Are you sure that n is a real number? Usually n denotes a positive integer in this type of problem.

 

[HallsofIvy]

-1/n\le sin(n)/n\le 1/n for n positive. Obviously, if n is negative, just -1/n\le 1/nis not true! Your use of x\rightarrow \propto is a little confusing. Did you mean \infty? Even if you do not interpret n as necessarily being positive, if n is "going to \infty" eventually, for some finite N, if n> N, n will be postive. And you can always drop any finite number of terms in an infinite sequence without changing the limit.

 

[Дьявол]

Thanks for the posts. I see now, it was my mistake if a_n=sin(n)/n, a_n is progression where n are positive integer numbers.
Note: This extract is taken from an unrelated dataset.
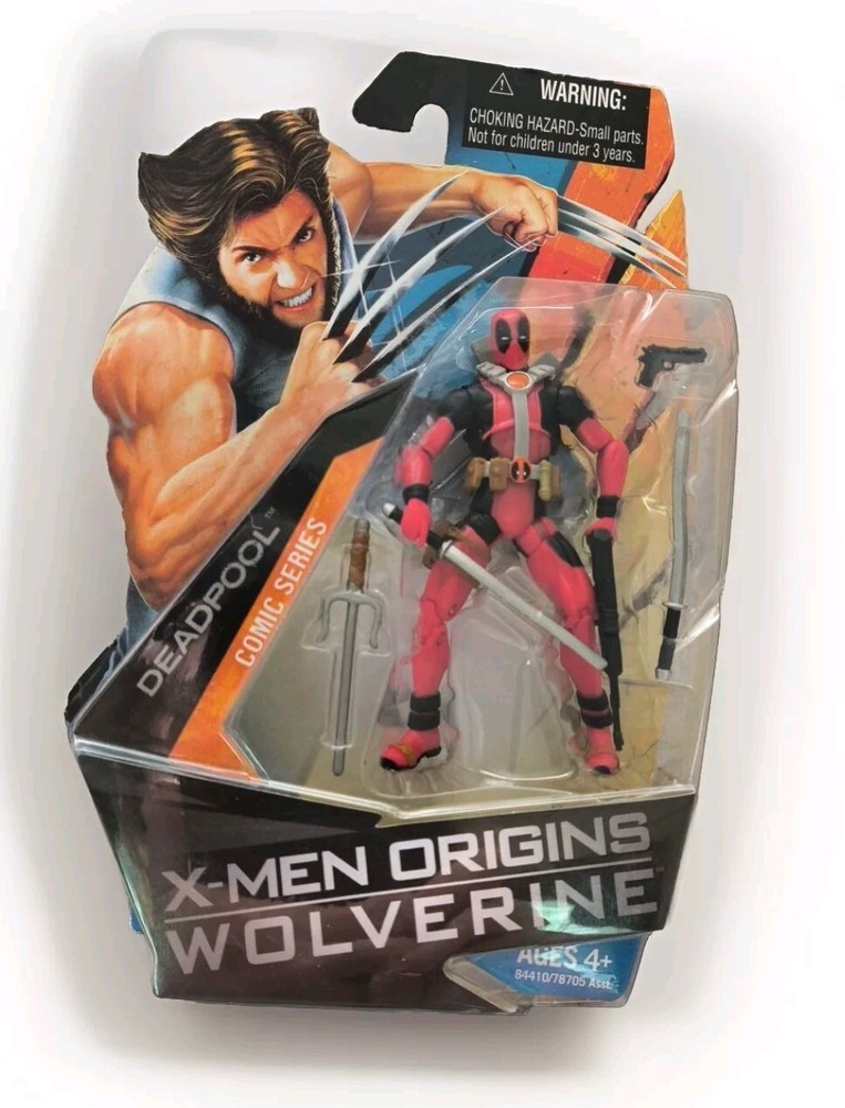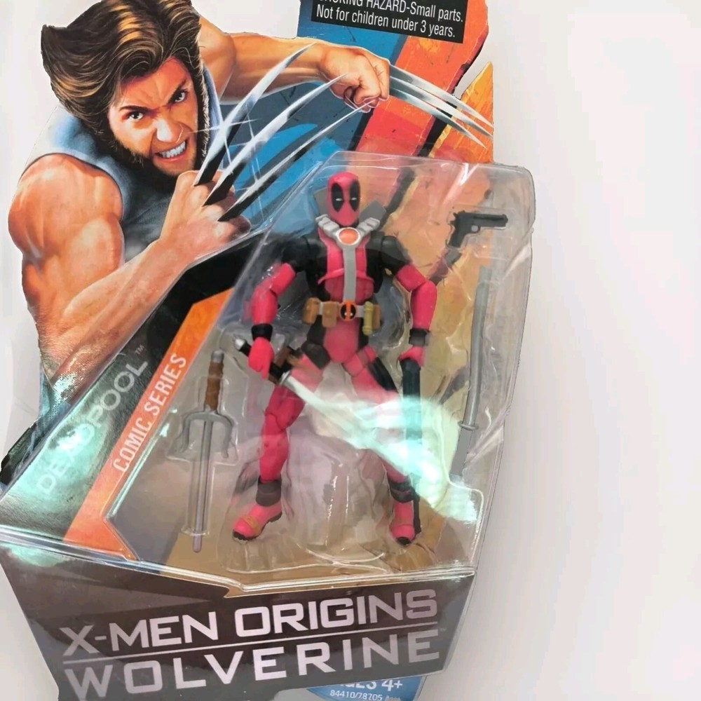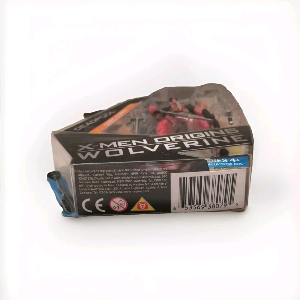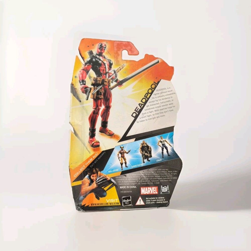 This is a 4-inch action figure of Deadpool from the X-Men Origins: Wolverine comic series. It was manufactured by Hasbro in 2009 as part of the Marvel Universe franchise. The figure is in its original packaging and is part of the 1:18 scale. It is a licensed reproduction featuring the Deadpool character from the Marvel Universe.

So if:
-1 \leq sin(n) \leq 1
then divided by n, I'll get:
-1/n \leq sin(n)/n \leq 1/n
Sorry for the symbol, I misspelled it, since I don't cover LaTeX too good at this moment.
Thanks for the help.

 

[HallsofIvy]

For future reference, in LaTex, \infty is "\infty". \propto is "\propto", i.e. "proportional to".